Gwyn frowned. “I didn't look for them.”

“Think about it. Can you recall her prints in the sand? When you rounded the curve in the beach and found she'd disappeared, didn't you think to try following her prints?”

Uneasily, Gwyn said, “No. I didn't.”

He nodded. Sadly, he said, “Gwyn, I don't like to suggest this, but, could you have imagined seeing the footprints, as you've imagined seeing the ghost itself?”

That notion had not occurred to her. Now it did, and it rested on her mind like a dark, cold worm. Summoning up her last dregs of self-confidence, she said, “I'm sure the prints were real.”

“There's one way to find out,” he said.

She stood up. “We'll go look.”

They stood on the beach, looking down at the white sand, the sea wind ruffling their hair. They were both silent, each waiting for the other to say something, each aware that the silence could not last forever, each dreading the beginning of the conversation.

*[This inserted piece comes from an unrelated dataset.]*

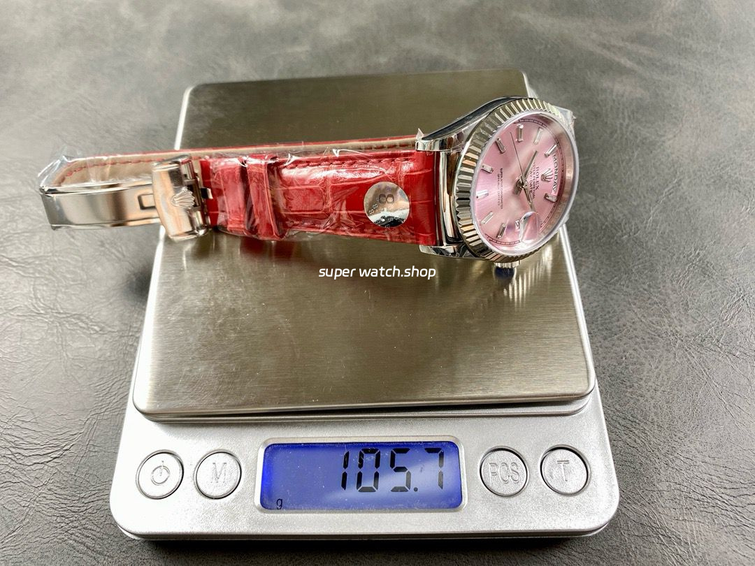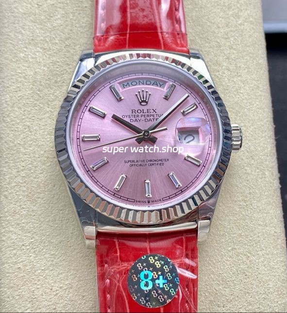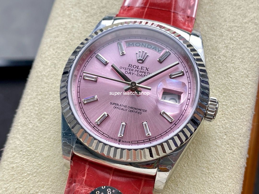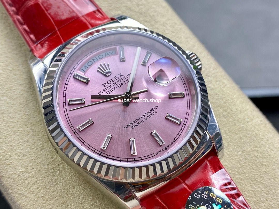 Be the first to review “8+ Factory Counterweight Rolex Day-Date 36mm 128239-0071 White Gold Crocodile Leather Strap Baguette Diamond Pink Dial”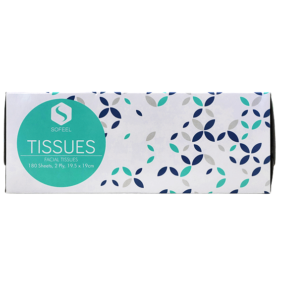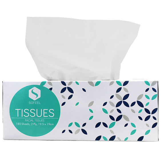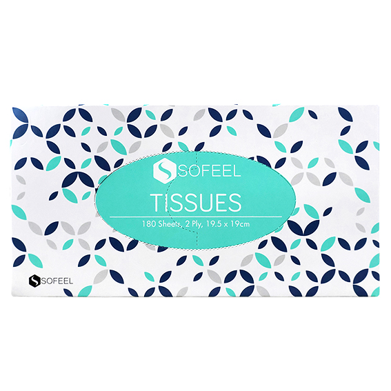 Sofeel Executive Facial Tissues is soft on the skin and face with great strength and absorbency. Features include: Soft Tissue 2 Ply, White, attractive package design and no waste starter sheet. Unit: 180 Sheets/Box.

At last, Gwyn looked up at him, afraid, embarrassed, but determined to go on. She wiped at her eyes and said, “I didn't imagine them. I'm sure I saw them.”

Only one set of footprints led from the stone steps to the edge of the water, and only one set of footprints came back: both made by the same person, both made by a girl wearing a pair of tennis shoes, both sets made by herself.

“I saw them,” she said, again, more quietly this time, as if she had ceased to try to convince him and was only trying, now, to make herself believe it.

“I'm sure you did,” he said.

“I mean really saw them,” she insisted.

“Gwyn, you should come back to the house and rest.”

“I'm not crazy.”

“I didn't say you were.”

Desperate, striking out at him because she could not see anyone or anything else to strike out at, she said, “You implied it!”

“I didn't mean to imply it,” he said.

He was walking slowly toward her.

She didn't move away.

She looked at the sand.

It was still marked only by her prints.

He said, “I've told you, I don't think your problem is anything so severe as a complete mental breakdown. Emotional instability, yes. You've been through so very much, so many deaths, Gwyn. You need a lot of rest, a lot of relaxation. You have to get your mind off the past and learn to look forward to the future.”

“I saw those prints.”

He said, “I feel responsible for this, in a small way. I shouldn't have given you the room with a sea view. I shouldn't have reminded you, that way, of your sister.”

Only half-listening to him as he drew nearer, she bent and looked more closely at the sand. “Look here,” she said.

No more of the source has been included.